Repetition penalty 1.1 by default. Keeps the model from looping or stuttering on repeated phrases. Increase slightly if you're getting repetition artifacts.

Seed Randomized by default. Fix the seed to reproduce a specific delivery. Change it to explore different interpretations of the same text and tags.

Max new tokens 200 by default. Increase for longer texts. If the output gets cut off mid-sentence, this is the first thing to raise.

What is Fish Speech S2 Pro voice cloning good for?

Fish Speech S2 Pro is for generating speech that sounds like a specific person, with delivery you can control at the sentence and word level.
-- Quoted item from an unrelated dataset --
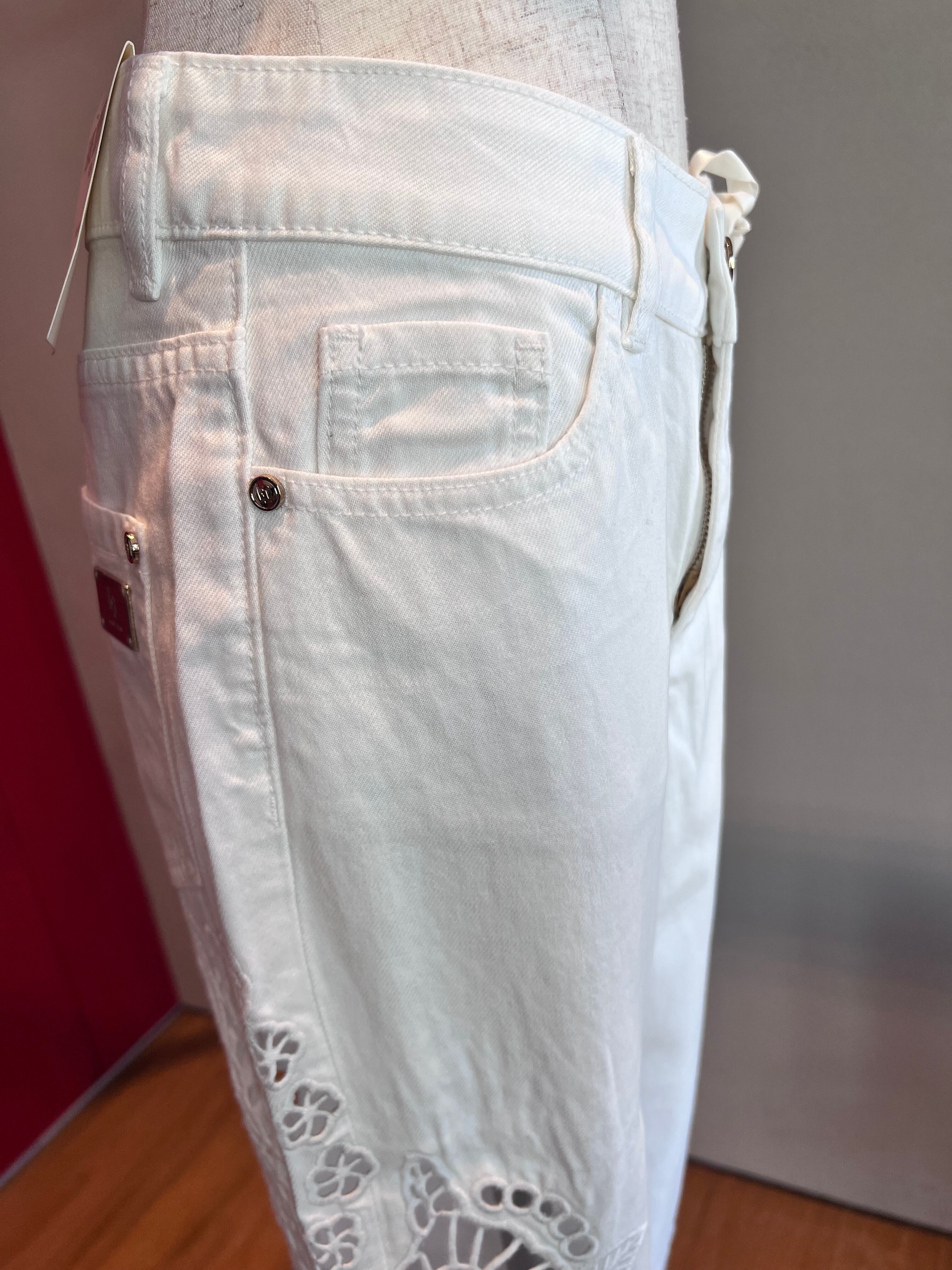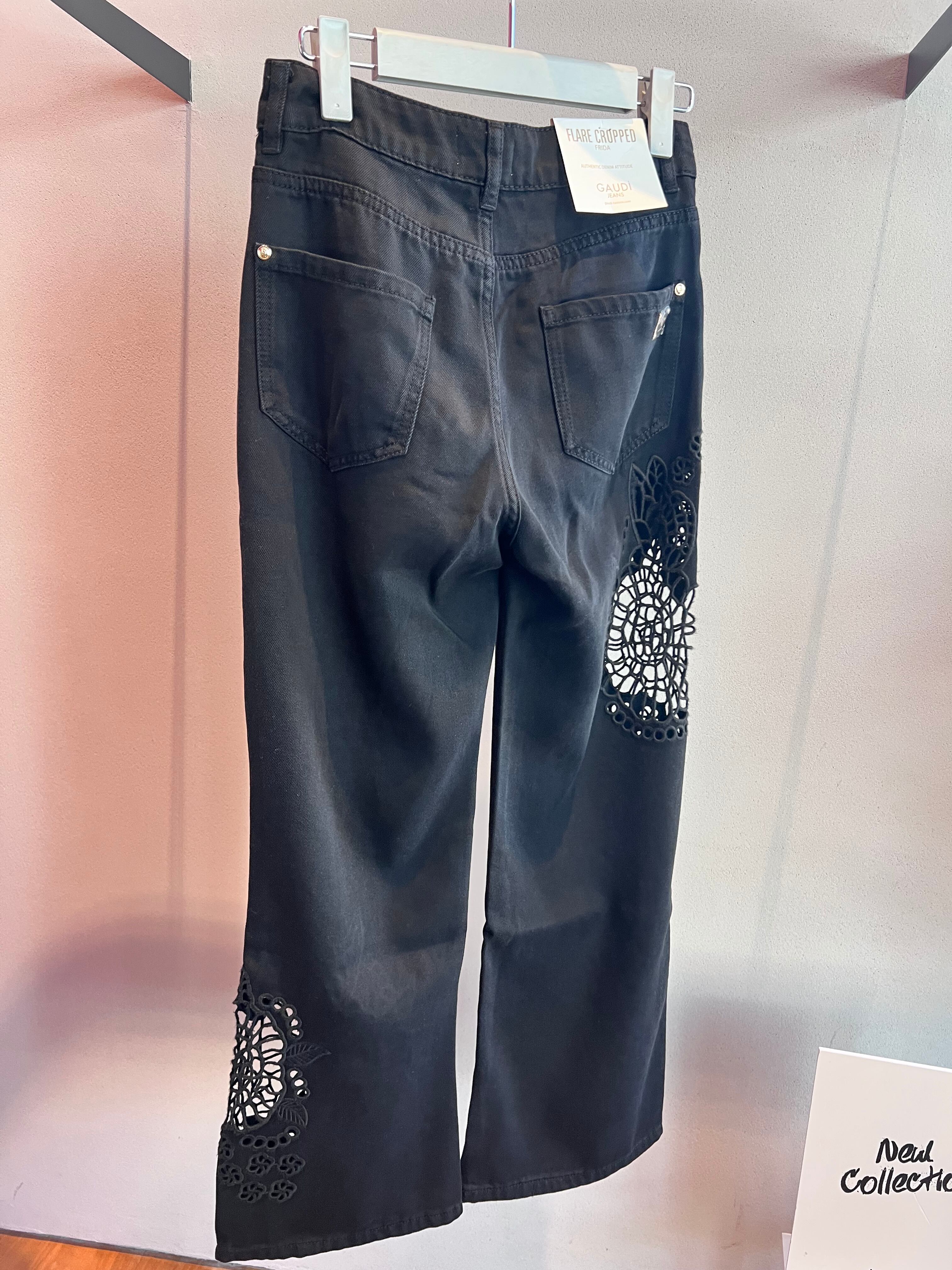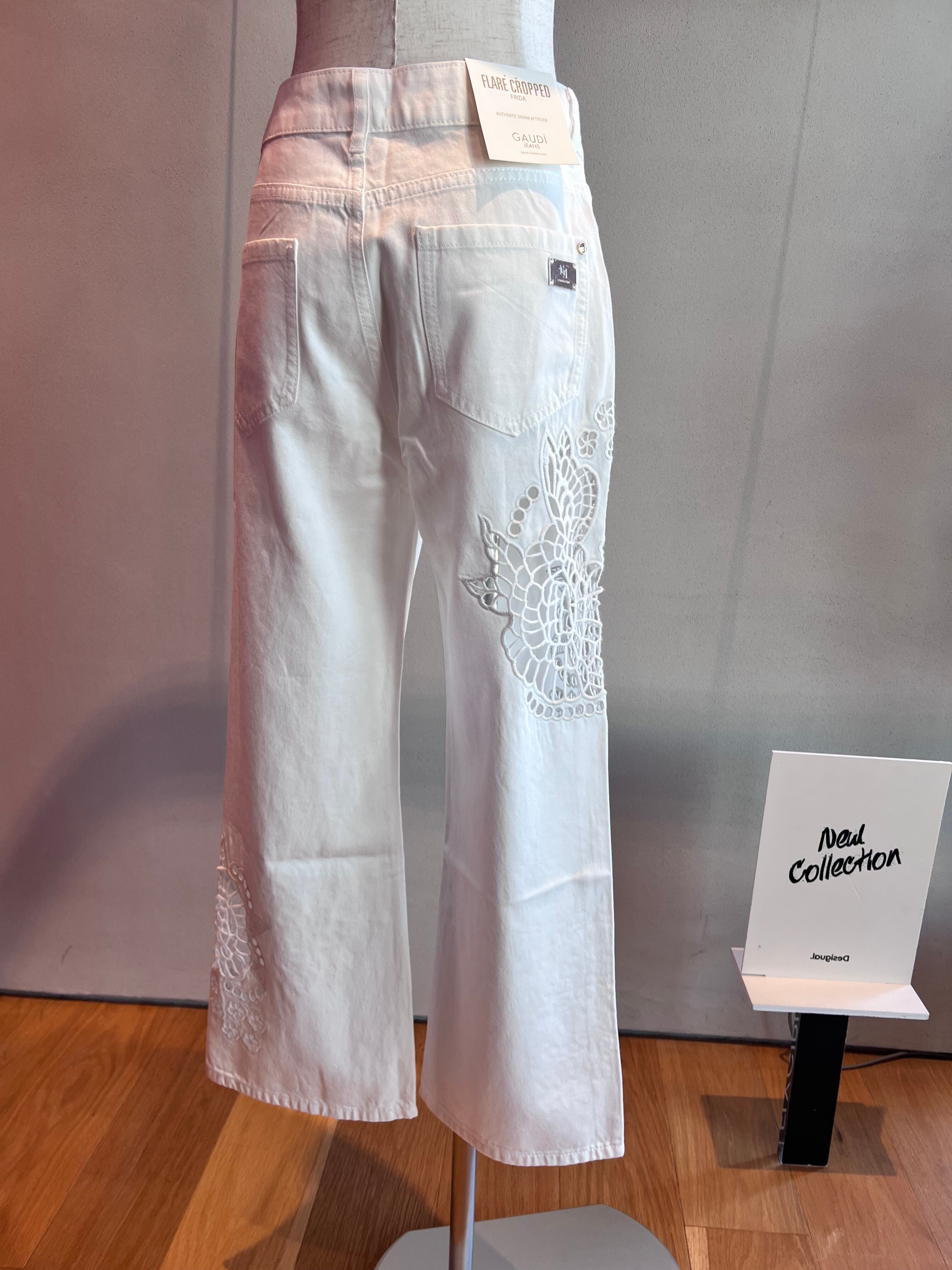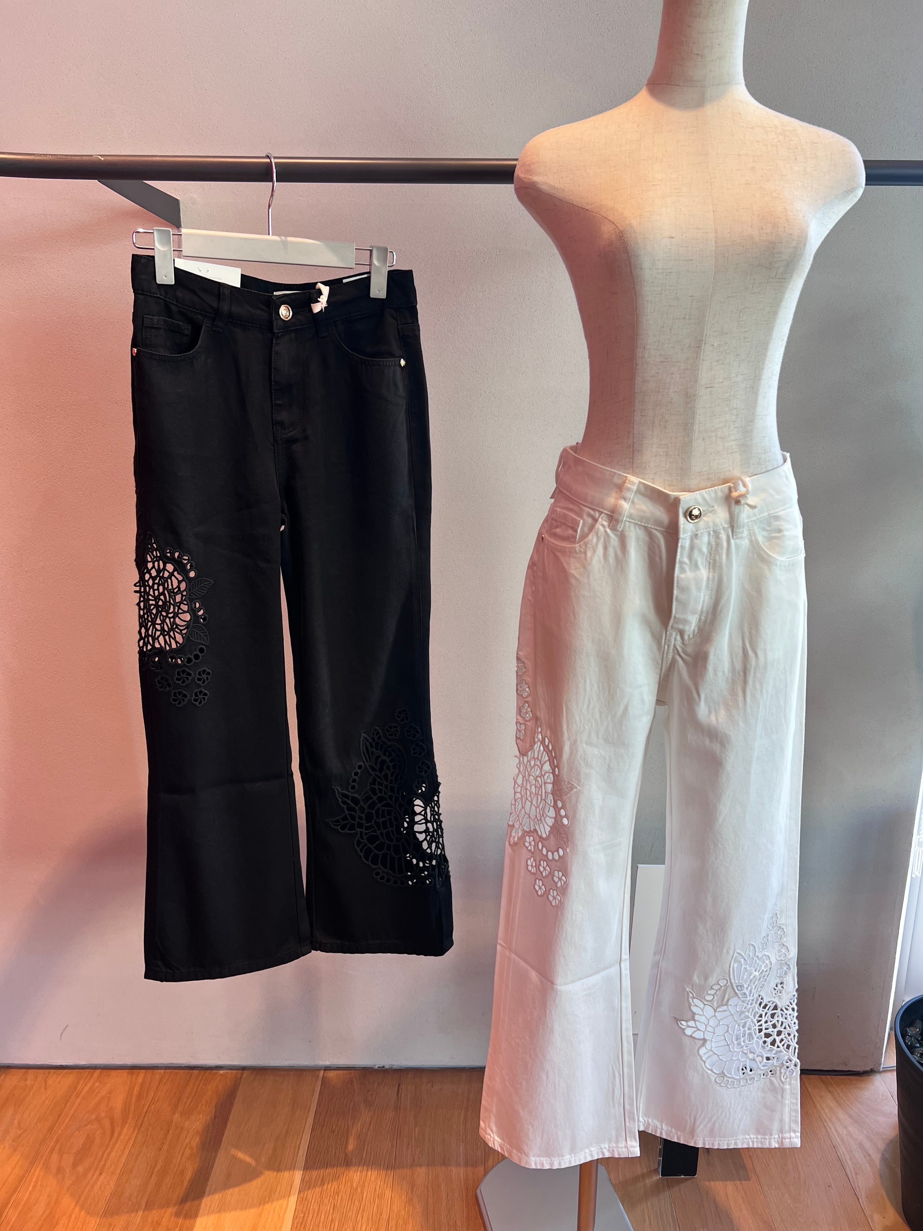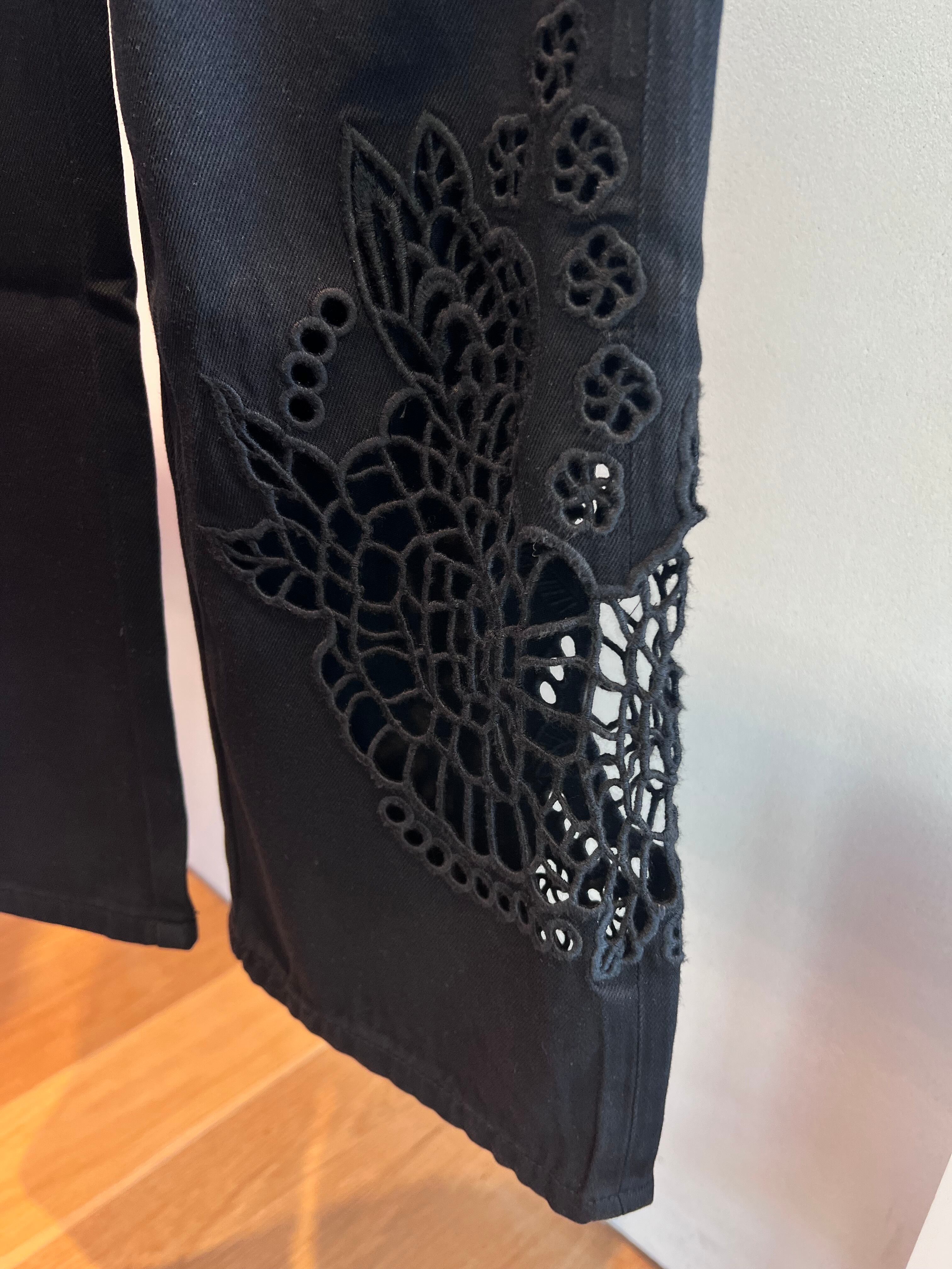 カットワーク刺繍クロップドカプリフレアパンツ

The emotion tag system means you're not guessing — you place the tag, you get the effect. Useful for voiceover, character dialogue, dubbing, and any content where voice and delivery both matter.

Good scenarios: voiceover work where you need a consistent voice across multiple lines. Character dialogue with varied emotional delivery — anger, excitement, hesitation — in a single clip. Dubbing or localization where the target voice is known. Content prototyping where you want to hear how a script sounds before committing to a recording session.

The catch: voice cloning quality depends on the reference clip. A noisy, compressed, or multi-speaker reference produces a weaker clone. Get the cleanest possible sample of the target voice for best results. And if Whisper mistranscribes the reference, fix the reference text manually — wrong transcription affects prosody matching.

FAQ

How long does the reference audio clip need to be for Fish Speech voice cloning? A few seconds of clean speech is enough. Longer isn't always better — clarity matters more than duration. A 5–15 second clip with one speaker and minimal noise gives the model what it needs.

Can Fish Speech S2 Pro generate speech in multiple languages? Yes. Language is set to auto by default and the model handles detection. You can mix languages in the same text input. Set language manually if auto-detection is unreliable on short or ambiguous inputs.

How do emotion tags work in Fish Speech? Place them inline in your text wherever you want the delivery to change. [angry] before a sentence makes that sentence sound angry. [pause] inserts a beat. [laughing] adds a laugh effect. They stack and chain — you can shift tone multiple times across a single line.

What happens if Whisper transcribes the reference audio incorrectly? Edit the reference text field manually before running. The transcription is used to help the model match prosody between the reference voice and the output. A wrong transcription doesn't break the clone, but fixing it produces cleaner results.

How do you run Fish Speech voice cloning online? You can run it online through Floyo. No installation, no setup. Open the workflow in your browser, upload your reference audio, and hit run.